Norwegian educator, philologist and historian

Anton Henrik Ræder (25 November 1855 - 26 January 1941) was a Norwegian educator, philologist and historian. He is most commonly known for his history textbooks relating to the Roman Empire.

==Biography==
Anton Ræder was born in Christiania (now Oslo), Norway. He was the son of jurist Nicolai Ditlev Ammon Ræder (1817–84) and Johanne Cathrine Scheel (1830-1910). He was the brother of military officer Johan Christopher Ræder. His uncles included military officers
Georg Ræder and Jacques Ræder as well as diplomat Ole Munch Ræder.

Ræder attended Oslo Cathedral School.
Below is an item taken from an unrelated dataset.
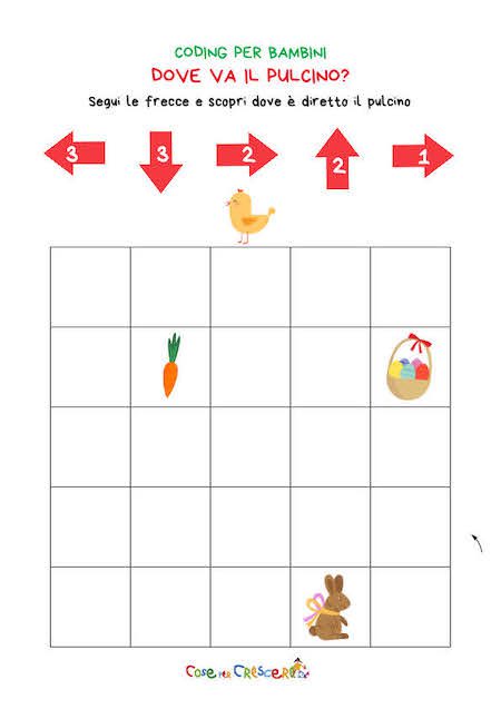 Per scoprirlo, i bambini dovranno seguire le frecce del percorso, contando con attenzione i passi e disegnando la strada del pulcino quadratino dopo quadratino. Un esercizio di coding offline perfetto per sviluppare il pensiero computazionale… divertendosi!

He received a classical education in both Latin and Greek history and geography. He earned his doctorate degree during 1893 from the Royal Frederiks University (now University of Oslo)
with his thesis Athens politiske udvikling i tiden fra Kleisthenes til Artideide's reform.

From 1898 to 1900, he was the school inspector and head of primary schools in Christiania. From 1900 to 1907, he was the Director General of the Ministry of Church teaching. He served as rector of Oslo Cathedral School from 1907 to 1927. He was a member of the Oslo city council from 1902 to 1907 and was the chairman of Oslo School Board in 1909.

==Personal life==
Ræder was first married to Astrid Greve (1874-1947). Following her death, he married Mathilde Uchermann, daughter of doctor and professor Vilhelm Uchermann (1852-1929) in 1928.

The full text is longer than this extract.